(Records from a data collection)
____

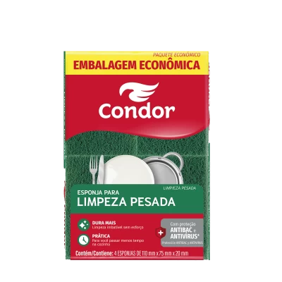 Esponja multiuso com tecnologia antiviral (aplicada em sua manta abrasiva) e agente antibacteriano (aplicado em sua espuma). Com manta mais abrasiva ideal para limpeza efetiva em menos tempo. Sugerida para limpeza geral. Embalagem com 4 unidades tipo promopack (Leve 4 Pague 3).
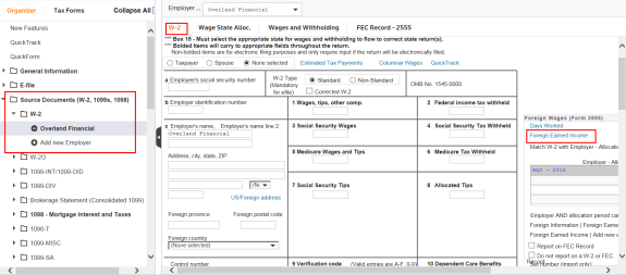 Go to Organizer > Source Documents > W-2 > employer name and elect the Foreign Earned Income hyperlink.
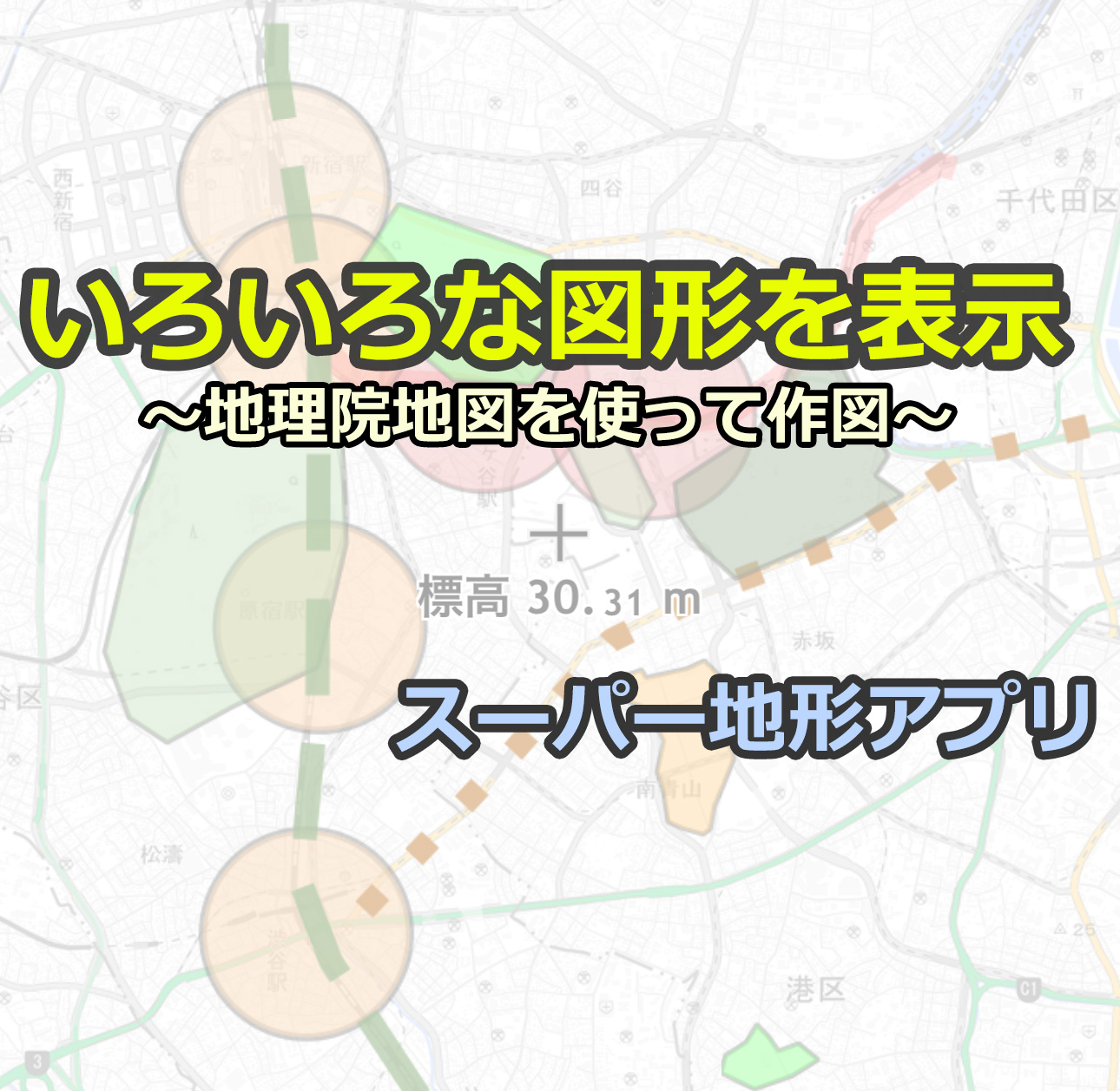 GoogleMapやOpenStreetMapなど、等高線のない地図に等高線を入れることができます。
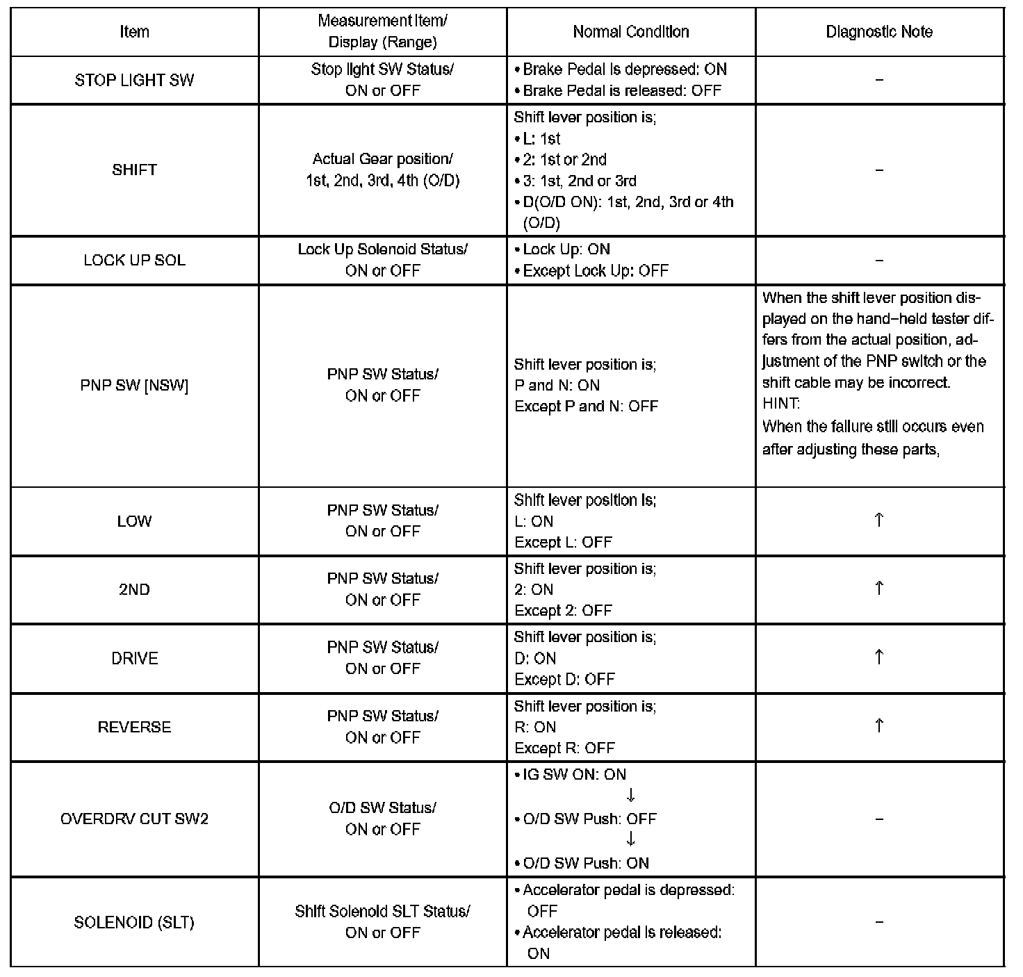 HINT: According to the DATA LIST displayed by the OBD II scan tool or hand-held tester, you can read the value of the switch, sensor, actuator and so on without parts removal. Reading the DATA LIST as the first step of troubleshooting is one method to shorten labor time.
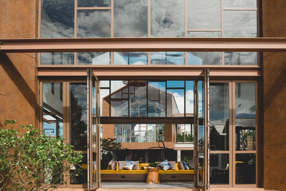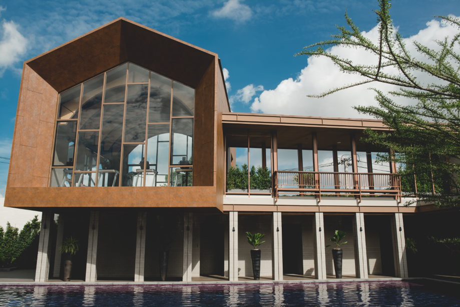 โดยผู้ออกแบบได้ทำการบิดตัวอาคารเล็กน้อยเพื่อให้เกิดมุมมองที่สามารถมองเห็นวิวโดยรอบได้แบบพานอรามา ในส่วนของฟาซาดอาคารดึงเทคนิคการซ้อนแผงฝาเรือนที่ซับซ้อนและมีเสน่ห์แบบไทย ๆ มาใช้ ไม่ว่าจะเป็นลวดลายของฝาปะกน ไม้ระแนง โดยปรับใช้วัสดุให้เข้ากับยุคสมัยมากขึ้นทำให้ได้อารมณ์ความโมเดิร์นที่ยังคงกลิ่นอายของวันวานไว้ โดยในส่วนของล็อบบี้ออกแบบเป็นพื้นที่เปิดโล่งแบบ open air เหมือนเรานั่งริมสระน้ำและรับลมธรรมชาติ
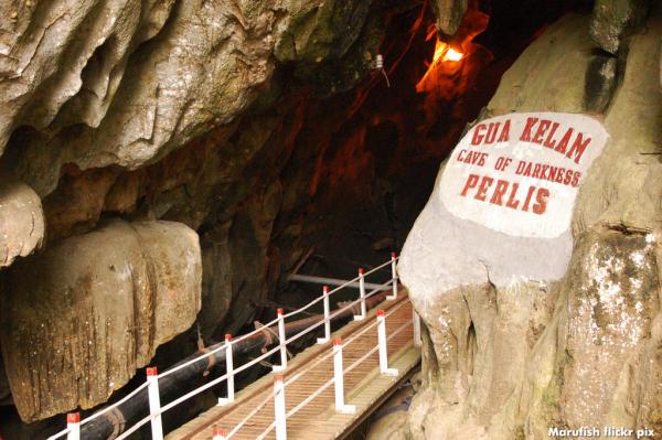 Located 33 km north of Perlis in Kangar, Gua Kelam Caves is one of the most unique limestone caves in Malaysia. Also known as the Cave of Darkness, adorned by stalagmites and stalactites, is maintained by the Perlis Forestry Department. The prime highlight of Kelam Caves is the 8-foot wide wooden suspension bridge leading through the illuminated limestone path, carved inside the cavern by an Englishman in the 1930s, for transporting tin from the nearby mine.
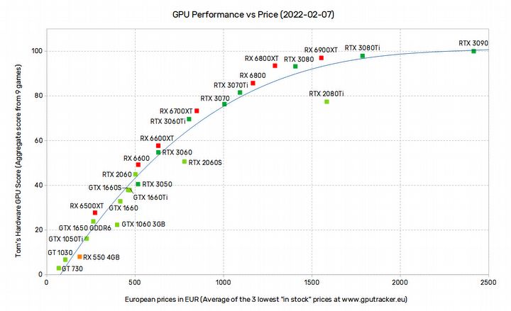 Zestawia on średnią cen ze strony www.gputracker.eu z wynikiem wydajności z portalu Tom’s Hardware.
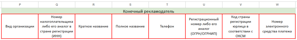 Группа столбцов «Договор между посредником и конечным рекламодателем»
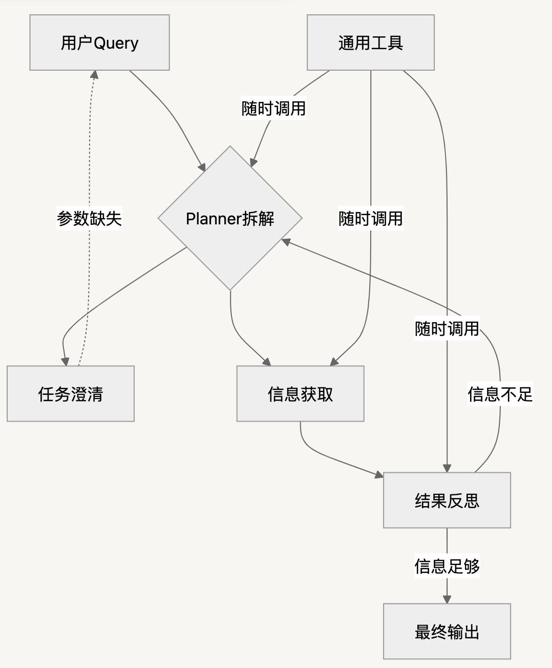 | 流程 | 线性:搜索→回答 | 循环 :感知→决策→行动 |
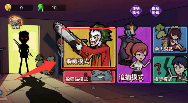 2、进去游戏有3个模式选择,选择躲藏模式。

____

## Required work
Please retype exactly the lines from the one containing "Zestawia on średnią" through the last line of the records, both included, leaving out every picture.

## Written reply
 Zestawia on średnią cen ze strony www.gputracker.eu z wynikiem wydajności z portalu Tom’s Hardware.
 Группа столбцов «Договор между посредником и конечным рекламодателем»
 | 流程 | 线性:搜索→回答 | 循环 :感知→决策→行动 |
 2、进去游戏有3个模式选择,选择躲藏模式。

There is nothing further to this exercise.